START Supplied entries
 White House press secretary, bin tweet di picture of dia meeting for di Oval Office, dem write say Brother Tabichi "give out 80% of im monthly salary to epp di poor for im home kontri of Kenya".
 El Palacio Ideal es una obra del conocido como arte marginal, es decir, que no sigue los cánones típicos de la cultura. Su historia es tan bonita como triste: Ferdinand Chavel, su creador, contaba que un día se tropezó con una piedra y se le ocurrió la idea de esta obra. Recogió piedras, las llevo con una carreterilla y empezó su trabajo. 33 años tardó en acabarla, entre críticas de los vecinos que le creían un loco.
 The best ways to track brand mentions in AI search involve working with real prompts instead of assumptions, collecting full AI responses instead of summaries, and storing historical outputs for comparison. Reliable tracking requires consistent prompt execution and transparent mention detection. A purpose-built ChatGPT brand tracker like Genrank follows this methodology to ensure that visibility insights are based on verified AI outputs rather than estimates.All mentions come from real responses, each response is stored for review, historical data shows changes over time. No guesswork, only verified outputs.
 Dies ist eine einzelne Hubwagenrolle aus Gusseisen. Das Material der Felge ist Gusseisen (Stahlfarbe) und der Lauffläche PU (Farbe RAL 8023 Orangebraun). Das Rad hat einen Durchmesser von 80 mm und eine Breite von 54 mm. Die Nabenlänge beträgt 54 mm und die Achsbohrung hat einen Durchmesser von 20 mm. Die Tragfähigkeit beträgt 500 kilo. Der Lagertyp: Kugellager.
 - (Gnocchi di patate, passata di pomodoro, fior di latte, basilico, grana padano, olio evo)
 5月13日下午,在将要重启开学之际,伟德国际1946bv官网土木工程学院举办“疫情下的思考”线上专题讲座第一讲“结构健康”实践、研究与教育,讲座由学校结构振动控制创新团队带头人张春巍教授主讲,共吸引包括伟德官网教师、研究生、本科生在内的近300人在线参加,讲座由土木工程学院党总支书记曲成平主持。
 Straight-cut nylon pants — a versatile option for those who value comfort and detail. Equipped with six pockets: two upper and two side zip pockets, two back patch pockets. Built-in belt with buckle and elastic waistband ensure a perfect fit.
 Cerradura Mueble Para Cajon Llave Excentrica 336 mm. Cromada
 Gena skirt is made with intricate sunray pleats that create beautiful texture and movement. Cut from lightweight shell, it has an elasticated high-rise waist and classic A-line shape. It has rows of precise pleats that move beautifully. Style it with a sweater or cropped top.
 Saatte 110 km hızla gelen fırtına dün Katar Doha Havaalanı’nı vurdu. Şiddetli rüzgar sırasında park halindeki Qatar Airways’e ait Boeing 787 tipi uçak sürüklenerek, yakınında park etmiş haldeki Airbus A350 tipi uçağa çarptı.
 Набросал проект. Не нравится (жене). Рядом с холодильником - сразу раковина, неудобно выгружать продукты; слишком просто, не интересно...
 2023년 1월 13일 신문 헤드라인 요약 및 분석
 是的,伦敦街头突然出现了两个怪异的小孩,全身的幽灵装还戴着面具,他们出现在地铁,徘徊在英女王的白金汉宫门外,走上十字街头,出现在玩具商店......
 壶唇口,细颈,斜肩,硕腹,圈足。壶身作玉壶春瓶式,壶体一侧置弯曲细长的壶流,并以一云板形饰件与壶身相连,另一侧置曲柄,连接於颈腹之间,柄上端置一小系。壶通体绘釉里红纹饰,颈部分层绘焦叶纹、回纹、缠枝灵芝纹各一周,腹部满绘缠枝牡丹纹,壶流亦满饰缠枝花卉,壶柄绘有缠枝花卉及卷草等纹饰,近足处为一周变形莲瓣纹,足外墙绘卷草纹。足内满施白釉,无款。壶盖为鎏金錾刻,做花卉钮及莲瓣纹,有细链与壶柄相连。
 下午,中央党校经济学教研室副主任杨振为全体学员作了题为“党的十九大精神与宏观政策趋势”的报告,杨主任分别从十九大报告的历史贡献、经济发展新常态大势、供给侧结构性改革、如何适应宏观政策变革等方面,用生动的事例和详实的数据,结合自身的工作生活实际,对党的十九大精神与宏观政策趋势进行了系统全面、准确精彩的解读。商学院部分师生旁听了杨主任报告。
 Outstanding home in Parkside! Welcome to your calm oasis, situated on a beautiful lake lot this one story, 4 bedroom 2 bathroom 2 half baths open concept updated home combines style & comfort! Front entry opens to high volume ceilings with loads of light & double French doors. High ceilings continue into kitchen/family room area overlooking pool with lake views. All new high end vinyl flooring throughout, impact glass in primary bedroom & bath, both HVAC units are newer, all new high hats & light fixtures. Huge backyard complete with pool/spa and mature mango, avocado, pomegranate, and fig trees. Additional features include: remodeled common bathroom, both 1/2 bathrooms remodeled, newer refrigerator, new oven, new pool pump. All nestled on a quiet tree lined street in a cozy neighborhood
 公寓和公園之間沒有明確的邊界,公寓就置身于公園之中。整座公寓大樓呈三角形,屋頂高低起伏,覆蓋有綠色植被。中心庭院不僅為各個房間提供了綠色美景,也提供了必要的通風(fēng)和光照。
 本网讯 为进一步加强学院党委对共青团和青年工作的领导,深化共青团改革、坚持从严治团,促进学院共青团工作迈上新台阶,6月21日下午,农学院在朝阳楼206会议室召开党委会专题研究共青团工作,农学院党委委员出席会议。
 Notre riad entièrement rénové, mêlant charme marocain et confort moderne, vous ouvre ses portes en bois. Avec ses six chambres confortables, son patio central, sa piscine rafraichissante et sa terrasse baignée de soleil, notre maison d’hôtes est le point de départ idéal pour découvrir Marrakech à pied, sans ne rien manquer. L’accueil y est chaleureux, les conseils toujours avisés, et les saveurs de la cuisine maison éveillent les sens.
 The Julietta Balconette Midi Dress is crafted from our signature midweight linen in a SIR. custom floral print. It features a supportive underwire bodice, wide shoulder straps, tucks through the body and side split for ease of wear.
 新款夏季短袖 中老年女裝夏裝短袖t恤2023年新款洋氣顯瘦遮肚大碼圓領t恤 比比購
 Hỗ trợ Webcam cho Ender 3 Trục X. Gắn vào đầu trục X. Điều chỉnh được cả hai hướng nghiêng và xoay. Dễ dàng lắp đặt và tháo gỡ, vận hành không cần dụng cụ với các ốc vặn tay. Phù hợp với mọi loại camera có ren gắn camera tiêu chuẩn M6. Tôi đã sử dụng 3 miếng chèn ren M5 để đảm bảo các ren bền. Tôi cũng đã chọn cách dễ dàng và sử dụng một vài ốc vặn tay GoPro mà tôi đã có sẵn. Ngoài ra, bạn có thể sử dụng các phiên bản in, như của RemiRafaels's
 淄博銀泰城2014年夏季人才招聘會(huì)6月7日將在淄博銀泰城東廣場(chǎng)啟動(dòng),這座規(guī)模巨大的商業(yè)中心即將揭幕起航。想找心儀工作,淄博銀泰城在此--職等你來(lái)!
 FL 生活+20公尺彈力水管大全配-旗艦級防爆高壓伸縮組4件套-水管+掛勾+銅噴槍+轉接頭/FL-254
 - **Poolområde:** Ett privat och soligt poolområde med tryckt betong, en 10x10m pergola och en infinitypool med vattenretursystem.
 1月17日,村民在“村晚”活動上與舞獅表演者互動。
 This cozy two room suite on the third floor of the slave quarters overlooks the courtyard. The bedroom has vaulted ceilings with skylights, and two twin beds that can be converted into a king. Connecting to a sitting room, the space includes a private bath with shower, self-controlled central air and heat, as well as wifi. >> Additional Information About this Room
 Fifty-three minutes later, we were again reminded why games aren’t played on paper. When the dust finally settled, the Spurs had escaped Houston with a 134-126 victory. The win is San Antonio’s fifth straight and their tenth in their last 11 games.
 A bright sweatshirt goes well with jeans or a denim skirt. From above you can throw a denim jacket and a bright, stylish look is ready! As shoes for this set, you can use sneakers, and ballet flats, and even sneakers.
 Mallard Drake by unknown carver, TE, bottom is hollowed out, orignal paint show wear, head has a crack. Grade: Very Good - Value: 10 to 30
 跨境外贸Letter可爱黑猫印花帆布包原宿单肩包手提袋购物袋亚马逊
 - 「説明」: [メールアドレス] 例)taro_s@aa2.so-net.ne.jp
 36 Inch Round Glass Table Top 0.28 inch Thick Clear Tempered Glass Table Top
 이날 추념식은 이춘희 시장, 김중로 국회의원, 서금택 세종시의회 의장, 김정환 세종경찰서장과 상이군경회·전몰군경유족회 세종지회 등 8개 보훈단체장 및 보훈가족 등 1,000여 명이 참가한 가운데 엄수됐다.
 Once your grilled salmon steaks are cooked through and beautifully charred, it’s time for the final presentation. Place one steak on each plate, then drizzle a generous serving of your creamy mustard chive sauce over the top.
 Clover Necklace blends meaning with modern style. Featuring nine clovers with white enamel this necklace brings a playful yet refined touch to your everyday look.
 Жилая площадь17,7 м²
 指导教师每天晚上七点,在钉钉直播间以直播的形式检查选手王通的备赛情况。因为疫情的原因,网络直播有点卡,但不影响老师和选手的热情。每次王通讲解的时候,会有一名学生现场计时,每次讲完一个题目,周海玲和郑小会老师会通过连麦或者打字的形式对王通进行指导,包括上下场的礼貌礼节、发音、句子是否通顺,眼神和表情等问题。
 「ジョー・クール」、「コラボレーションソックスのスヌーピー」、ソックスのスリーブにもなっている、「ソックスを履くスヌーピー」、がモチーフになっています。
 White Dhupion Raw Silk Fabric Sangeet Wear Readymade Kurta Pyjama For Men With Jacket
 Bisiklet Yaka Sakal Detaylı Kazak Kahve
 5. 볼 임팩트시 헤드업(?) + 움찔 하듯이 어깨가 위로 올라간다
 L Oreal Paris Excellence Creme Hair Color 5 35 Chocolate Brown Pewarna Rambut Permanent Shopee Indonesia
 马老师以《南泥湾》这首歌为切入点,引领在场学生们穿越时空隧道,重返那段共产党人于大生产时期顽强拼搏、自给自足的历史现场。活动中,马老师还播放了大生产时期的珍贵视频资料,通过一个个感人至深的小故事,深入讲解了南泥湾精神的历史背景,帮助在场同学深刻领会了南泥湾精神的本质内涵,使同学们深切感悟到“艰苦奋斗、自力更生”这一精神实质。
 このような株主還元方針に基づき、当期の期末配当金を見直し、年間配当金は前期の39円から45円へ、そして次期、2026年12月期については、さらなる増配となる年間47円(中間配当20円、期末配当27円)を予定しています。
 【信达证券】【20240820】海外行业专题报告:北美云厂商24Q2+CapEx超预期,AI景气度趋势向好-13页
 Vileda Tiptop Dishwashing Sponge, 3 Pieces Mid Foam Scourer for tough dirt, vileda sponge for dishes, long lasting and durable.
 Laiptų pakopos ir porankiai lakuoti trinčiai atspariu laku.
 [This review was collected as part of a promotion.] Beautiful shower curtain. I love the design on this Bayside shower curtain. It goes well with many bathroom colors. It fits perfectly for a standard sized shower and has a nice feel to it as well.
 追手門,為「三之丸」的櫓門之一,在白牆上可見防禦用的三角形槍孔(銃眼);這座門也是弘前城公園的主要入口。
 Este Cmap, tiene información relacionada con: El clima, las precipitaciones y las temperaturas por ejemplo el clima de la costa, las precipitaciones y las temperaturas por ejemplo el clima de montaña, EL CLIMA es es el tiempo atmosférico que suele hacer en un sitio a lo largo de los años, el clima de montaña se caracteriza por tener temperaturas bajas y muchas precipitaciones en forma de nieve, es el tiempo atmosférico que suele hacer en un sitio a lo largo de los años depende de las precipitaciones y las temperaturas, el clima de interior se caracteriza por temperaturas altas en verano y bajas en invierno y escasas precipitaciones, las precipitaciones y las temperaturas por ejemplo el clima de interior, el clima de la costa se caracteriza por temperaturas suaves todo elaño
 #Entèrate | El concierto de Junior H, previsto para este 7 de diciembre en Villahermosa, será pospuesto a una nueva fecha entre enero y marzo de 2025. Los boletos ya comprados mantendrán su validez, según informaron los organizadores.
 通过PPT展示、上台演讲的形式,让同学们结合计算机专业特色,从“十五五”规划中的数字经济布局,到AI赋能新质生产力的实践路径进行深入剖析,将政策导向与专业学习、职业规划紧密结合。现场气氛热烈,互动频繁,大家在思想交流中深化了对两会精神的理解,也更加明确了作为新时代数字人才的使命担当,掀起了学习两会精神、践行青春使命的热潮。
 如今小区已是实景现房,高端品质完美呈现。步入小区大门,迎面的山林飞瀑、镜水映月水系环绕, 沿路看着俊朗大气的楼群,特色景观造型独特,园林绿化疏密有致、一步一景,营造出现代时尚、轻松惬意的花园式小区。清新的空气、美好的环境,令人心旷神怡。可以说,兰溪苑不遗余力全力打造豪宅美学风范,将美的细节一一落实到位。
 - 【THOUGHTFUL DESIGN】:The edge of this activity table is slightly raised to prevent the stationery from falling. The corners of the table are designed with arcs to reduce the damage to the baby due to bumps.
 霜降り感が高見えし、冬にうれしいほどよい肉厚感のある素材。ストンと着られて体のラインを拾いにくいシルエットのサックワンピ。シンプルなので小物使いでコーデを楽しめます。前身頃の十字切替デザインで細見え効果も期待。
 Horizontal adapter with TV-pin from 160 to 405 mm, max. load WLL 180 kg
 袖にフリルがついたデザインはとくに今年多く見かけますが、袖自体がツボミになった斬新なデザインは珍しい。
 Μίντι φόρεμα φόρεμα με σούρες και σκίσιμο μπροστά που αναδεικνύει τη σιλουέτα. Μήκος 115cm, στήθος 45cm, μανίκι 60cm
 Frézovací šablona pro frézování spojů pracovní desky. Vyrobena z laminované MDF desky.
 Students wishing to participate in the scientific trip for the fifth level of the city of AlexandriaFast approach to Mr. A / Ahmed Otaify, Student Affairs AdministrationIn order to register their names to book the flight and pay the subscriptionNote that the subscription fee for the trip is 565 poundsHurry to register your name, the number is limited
END Supplied entries
Task requirements ->
The line above containing "Набросал проект. Не", the line containing "是的,伦敦街头突然出现了两个", and every line between them are to be transcribed exactly; no other line is wanted.

Result below ->
 Набросал проект. Не нравится (жене). Рядом с холодильником - сразу раковина, неудобно выгружать продукты; слишком просто, не интересно...
 2023년 1월 13일 신문 헤드라인 요약 및 분석
 是的,伦敦街头突然出现了两个怪异的小孩,全身的幽灵装还戴着面具,他们出现在地铁,徘徊在英女王的白金汉宫门外,走上十字街头,出现在玩具商店......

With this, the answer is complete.